* Records supplied
______

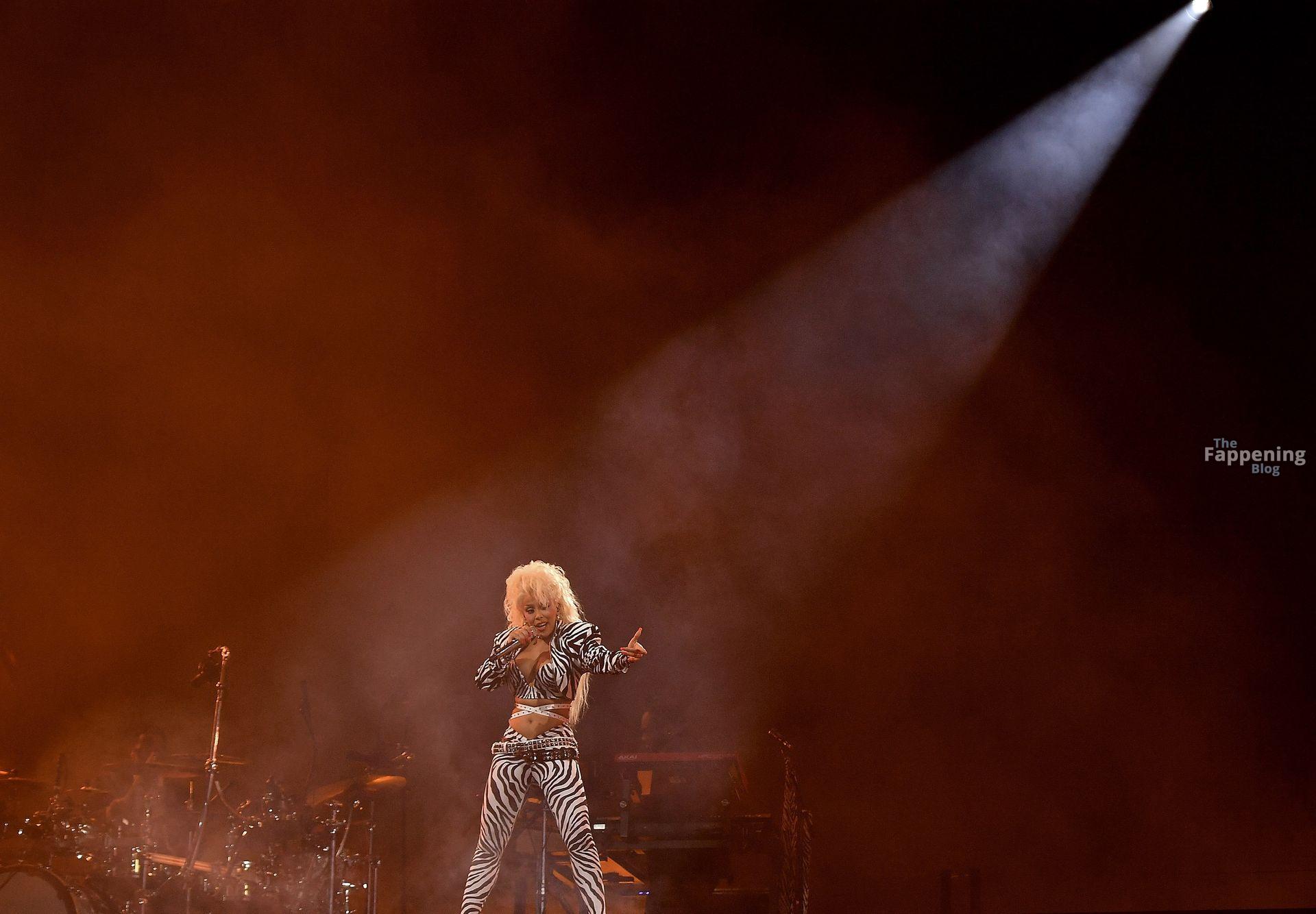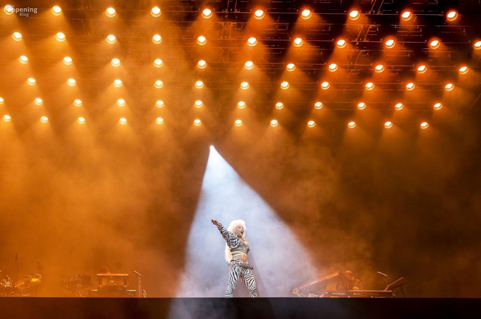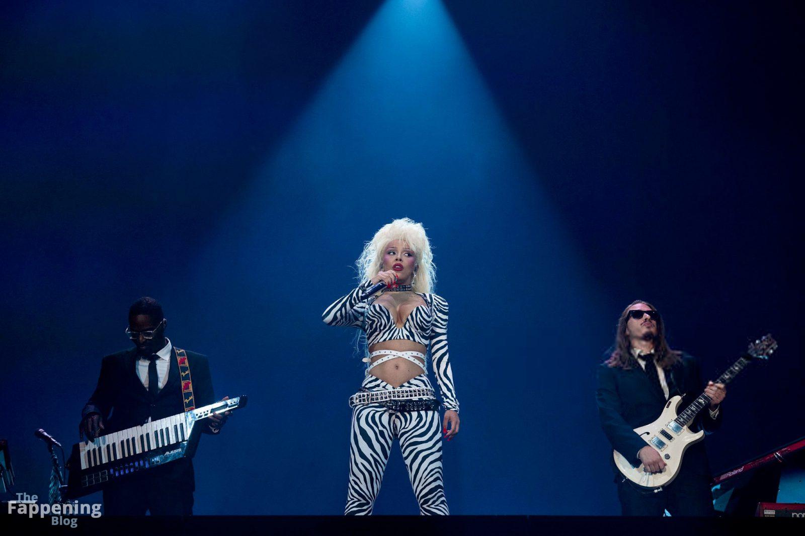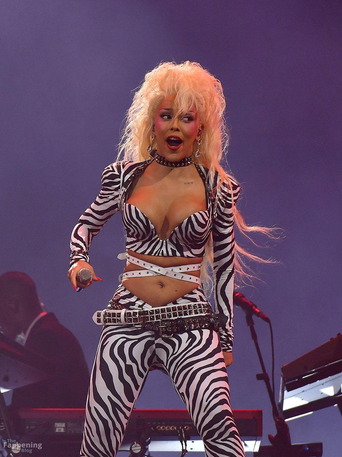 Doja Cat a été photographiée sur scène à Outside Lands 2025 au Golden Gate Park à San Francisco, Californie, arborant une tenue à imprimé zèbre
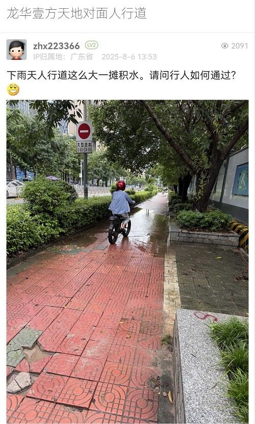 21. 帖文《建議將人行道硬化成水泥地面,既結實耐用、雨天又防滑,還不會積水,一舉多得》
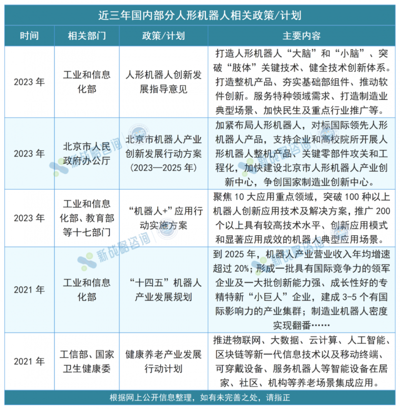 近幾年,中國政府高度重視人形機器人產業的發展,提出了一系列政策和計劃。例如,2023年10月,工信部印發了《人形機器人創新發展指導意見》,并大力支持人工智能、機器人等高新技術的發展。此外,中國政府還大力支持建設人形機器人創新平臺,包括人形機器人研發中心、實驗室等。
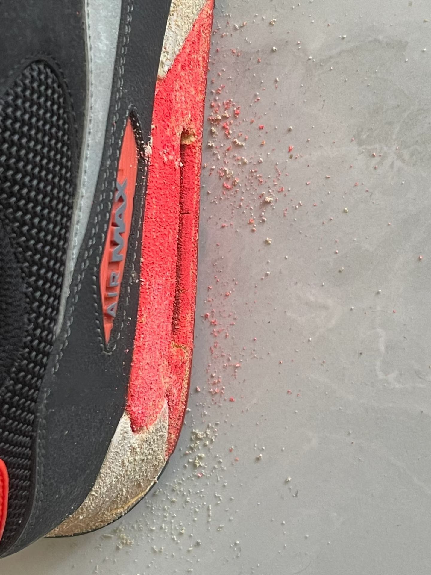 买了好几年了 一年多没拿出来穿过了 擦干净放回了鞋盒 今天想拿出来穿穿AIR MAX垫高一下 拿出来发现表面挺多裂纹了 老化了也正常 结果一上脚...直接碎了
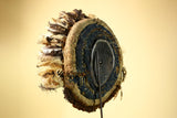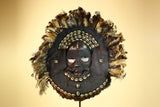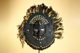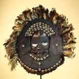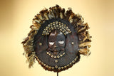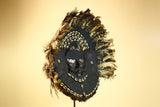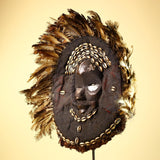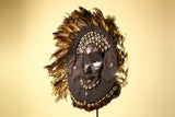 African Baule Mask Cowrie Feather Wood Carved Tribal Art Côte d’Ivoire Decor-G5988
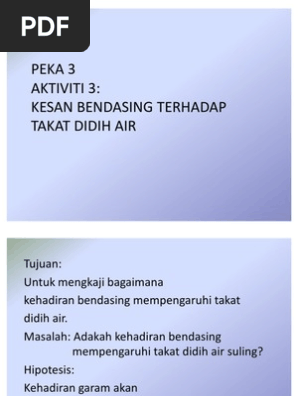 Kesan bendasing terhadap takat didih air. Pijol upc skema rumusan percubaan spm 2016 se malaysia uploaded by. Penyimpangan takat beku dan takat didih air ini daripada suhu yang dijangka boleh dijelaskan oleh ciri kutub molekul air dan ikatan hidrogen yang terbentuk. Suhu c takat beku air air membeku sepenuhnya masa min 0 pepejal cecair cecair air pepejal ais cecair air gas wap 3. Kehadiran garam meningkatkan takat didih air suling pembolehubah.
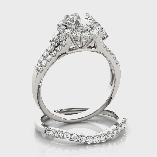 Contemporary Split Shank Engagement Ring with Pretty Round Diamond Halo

______

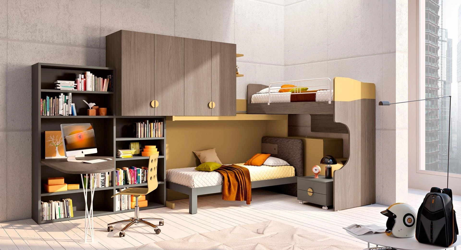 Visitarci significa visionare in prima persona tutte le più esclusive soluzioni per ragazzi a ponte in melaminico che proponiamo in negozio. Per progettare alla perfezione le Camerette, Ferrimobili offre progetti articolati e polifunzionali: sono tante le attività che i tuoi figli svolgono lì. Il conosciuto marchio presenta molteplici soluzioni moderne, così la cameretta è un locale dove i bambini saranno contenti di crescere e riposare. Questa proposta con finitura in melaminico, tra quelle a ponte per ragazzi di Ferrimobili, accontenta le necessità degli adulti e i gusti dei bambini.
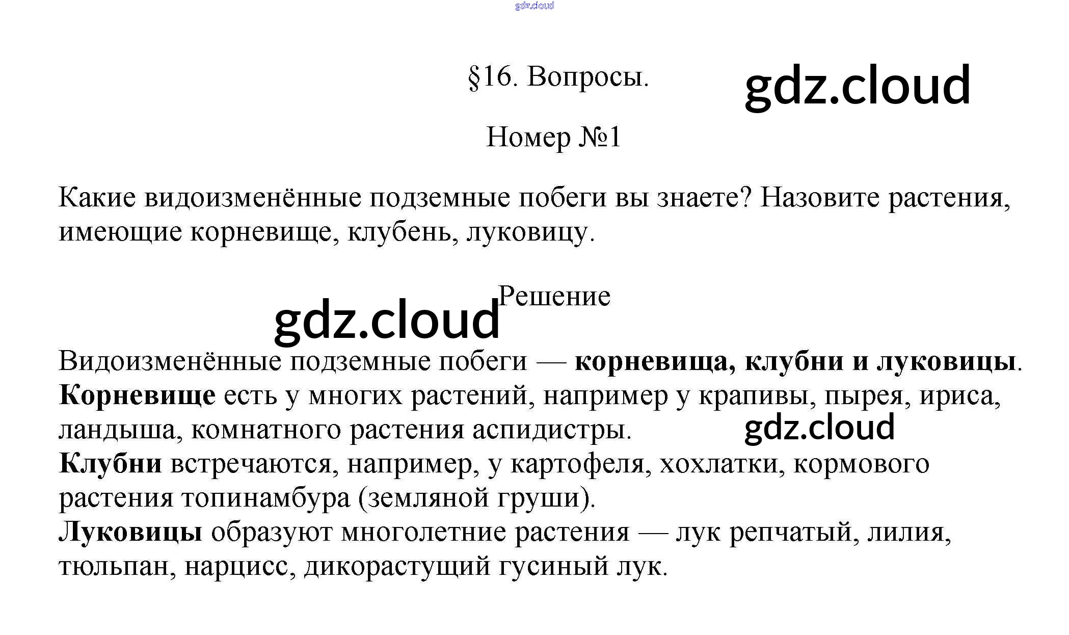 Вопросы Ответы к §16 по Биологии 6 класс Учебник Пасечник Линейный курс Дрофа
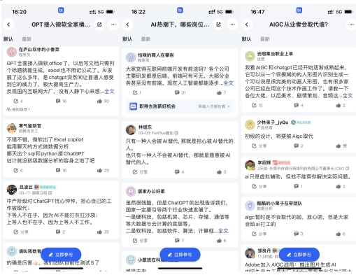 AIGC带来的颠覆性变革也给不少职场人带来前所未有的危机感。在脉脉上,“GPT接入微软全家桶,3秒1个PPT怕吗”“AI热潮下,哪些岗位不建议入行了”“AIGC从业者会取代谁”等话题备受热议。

______

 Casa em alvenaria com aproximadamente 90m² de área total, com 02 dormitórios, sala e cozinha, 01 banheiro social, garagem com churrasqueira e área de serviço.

______

* Work required
In the listing above, find the line containing "Kesan bendasing terhadap" and the line containing "Contemporary Split Shank". Reproduce those lines and all between them exactly, with no pictures and nothing more.

* Answer space
 Kesan bendasing terhadap takat didih air. Pijol upc skema rumusan percubaan spm 2016 se malaysia uploaded by. Penyimpangan takat beku dan takat didih air ini daripada suhu yang dijangka boleh dijelaskan oleh ciri kutub molekul air dan ikatan hidrogen yang terbentuk. Suhu c takat beku air air membeku sepenuhnya masa min 0 pepejal cecair cecair air pepejal ais cecair air gas wap 3. Kehadiran garam meningkatkan takat didih air suling pembolehubah.
 Contemporary Split Shank Engagement Ring with Pretty Round Diamond Halo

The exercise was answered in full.